The way we tell Bizzflow to look into the connection instead of just plainly using the password is by using a special
hash string #!#:{connection id}
, in our case this will be #!#:classicmodels
.
If you now paste your configuration into our config
key within the JSON file, it should look like this:
extractors/classicmodels.json
{
"type": "ex-mysql",
"config": {
"$schema": "https://gitlab.com/bizzflow-extractors/ex-mysql/-/raw/master/config.schema.json",
"user": "guest",
"password": "#!#:classicmodels",
"host": "relational.fit.cvut.cz",
"database": "classicmodels",
"query": {
"orderdetails": "SELECT * FROM `orderdetails`",
"orders": "SELECT * FROM `orders`",
"payments": "SELECT * FROM `payments`",
"products": "SELECT * FROM `products`",
"customers": "SELECT * FROM `customers`",
"productlines": "SELECT * FROM `productlines`",
"employees": "SELECT * FROM `employees`",
"offices": "SELECT * FROM `offices`"
}
}
}
If you commit the changes and merge them to master
branch of your Bizzflow project repository, you should be ready
to go along to your Airflow UI.
Running the task
Wait.
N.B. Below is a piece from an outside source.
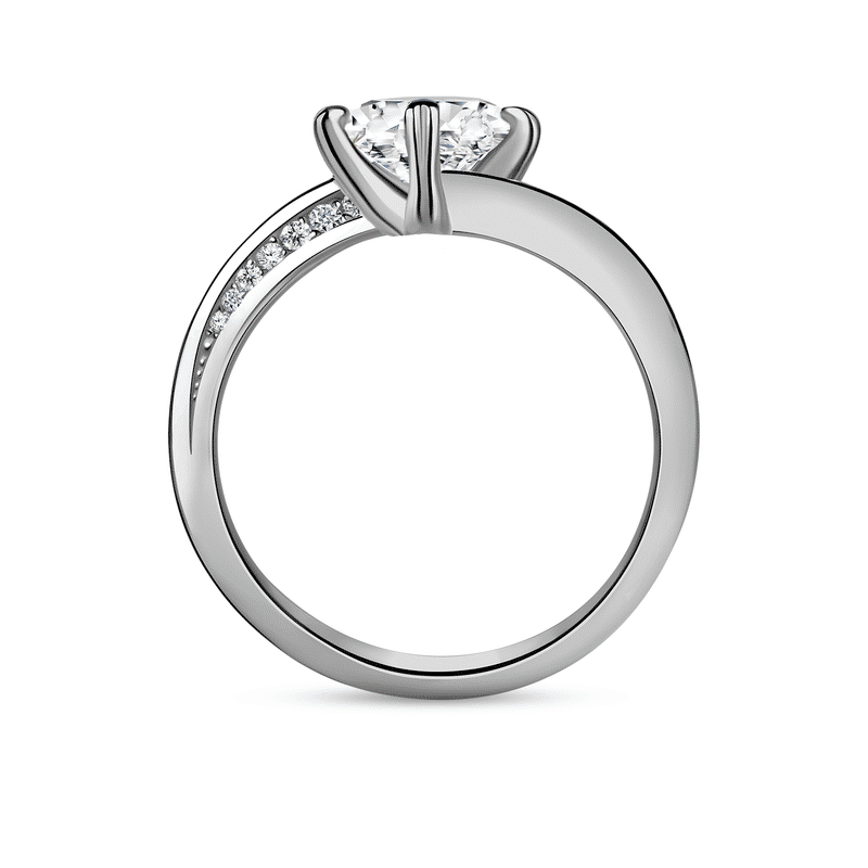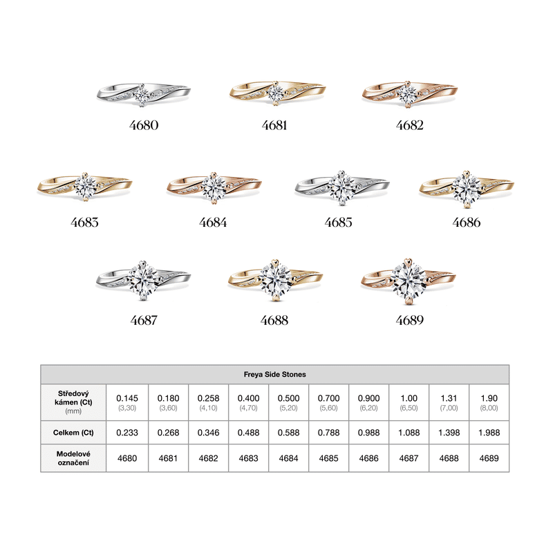 Zásnubní prsten je vyrobený z bílého 14 karátového zlata se středovým briliantem o průměru 6,5mm, který je usazen ve čtyřech krapnách ve tvaru srdce. Obroučka je osázená celkem 14 bočními brilianty, které se směrem od středu zmenšují. Celková hmotnost kamenů ve šperku je 1.088 ct. Šperk je uložen v luxusní dárkové krabičce spolu s certifikátem pravosti.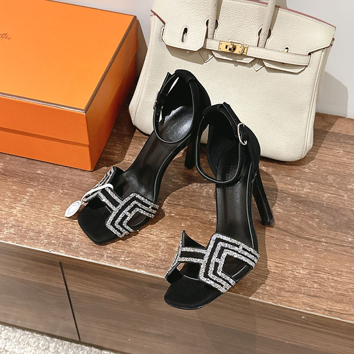 最高級エルメススーパーコピー エルメスサンダルコピー サンダル カットアウト 10.5cm ブラック 2520930 エルメス サンダル ヒール

It still looks like this, doesn’t it?
We wanted to add the extractor configuration, how is it possible, that the DAG is not there yet?
That’s right, we need to run 90_update_project
DAG first.
Click on the play button ▶
(Trigger DAG) on the line of the 90_update_project
DAG and confirm running it with
Trigger
button.
You should see a bright green circle on the 90_update_project
line:
90_update_project
is enabled - On
should be at the begining of the DAG’s line.Try refreshing the page after a while and you should now see the extractor DAG like this:
Again, the DAG will probably appear being
Off
, switch it toOn
right now.
Nothing should prevent us from running the component now. Click the play button ▶
(Trigger DAG) for our new
20_Extractor_ex-mysql_classicmodels
DAG and confirm again by clicking Trigger
. The extractor should now be
running. You can either check it via Consoles -> Latest tasks
or on the main Airflow UI screen by the light green
circle. Once the circle disappears (or the task status in Latest tasks
turns to success
), everything
should be done.
See the results
Go to Flow UI’s Storage page and click
Refresh Kexes
. Kex in_ex_mysql_classicmodels
should appear. When you click the kex name,
you should see the tables that the kex contains.
Well done
We have our extractor configuration, let’s take a deep breath and transform the 💩 out of our data!